Записка курьером доставляется таинственному адресату. Двумя днями позже Эмили с радостью сообщает, что на имя дядюшки Кретьена пришло очередное послание.




Ваша посылка готова.




— Прибыло вчера особой почтой, — сообщает Видок.

Мы только что покинули его кабинет.

— Решительный час приближается.

— Но когда мы отправимся туда? — осведомляюсь я.

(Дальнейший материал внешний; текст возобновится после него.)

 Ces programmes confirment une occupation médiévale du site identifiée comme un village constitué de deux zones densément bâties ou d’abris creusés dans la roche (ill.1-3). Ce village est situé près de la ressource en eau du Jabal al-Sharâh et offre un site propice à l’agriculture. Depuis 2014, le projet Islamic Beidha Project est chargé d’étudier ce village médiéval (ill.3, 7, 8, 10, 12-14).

— Когда? Вот прямо сейчас и отправимся.

— Мне надо упаковать вещи…

— Забудьте об этом. Я припас для вас одежду.

— Мне еще надо…

«Сообщить матери».

— Ей уже отправили записку. — Видок сухо улыбается.

— Что вы ей сказали?

— О! — Он делает скучающий жест, словно отмахиваясь от чего-то. — Спросите у Коко, это его конек. Что-то насчет симпозиума по сенной лихорадке. А может, проказы в бассейне Луары. Во всяком случае, ей сказали нечто такое, о чем она никогда не посмеет расспрашивать.

Смеясь, он хватает меня за воротник:

— Послушайте, мой друг. Если все пройдет удачно, вы вернетесь к мамаше Карпантье завтра вечером. И вас будет окутывать аура… о да, таинственности! Так что всякий поймет, что перед ним человек, который кое-что повидал. Как они будут вам завидовать, как их свиные глазки повылезают из… Вы ведь не носите оружия? Впрочем, забудем об этом. Вы что-то и в самом деле бледны, Эктор. Хотите глоток анисовой на дорожку?





8 брюмера III года

Леблан оказался истинным благословением. Чрезвыч. добр, внимателен, исполнен готовности помочь. Удивит. приятный собеседник. Я только что провел неск. счастливых часов в его обществе.

Как и меня, его оч. беспокоит состояние Шарля, в особенности теперь, когда с каждым днем все яснее становится, какие душевные и эмоциональные травмы перенес ребенок. Еще до заключения в камеру он стал объектом вопиюще жестокого обращения со стороны Симона — сапожника, нанятого, по непонятным причинам, в качестве «наставника» мальчика. От Леблана я узнал все подробности. Начальники Симона поставили перед ним задачу «каленым железом выжечь» из души Шарля «королевский гонор». Ребенка заставляли носить красную шапку, пить спиртное в больших количествах, распевать так, чтобы слышали другие члены королевской семьи, песни непристойного и антироялистского содержания. Мальчик стал рабом Симона, прислуживал ему за столом, начищал туфли мадам Симон. Его регулярно запугивали, за малейшую провинность жестоко избивали. (Часто Симон посреди ночи начинал трясти ребенка, расталкивал его, а когда тот просыпался, пинками «укладывал» обратно в постель.) Имеются веские основания подозревать, что ребенок подвергался насилию интимного характера.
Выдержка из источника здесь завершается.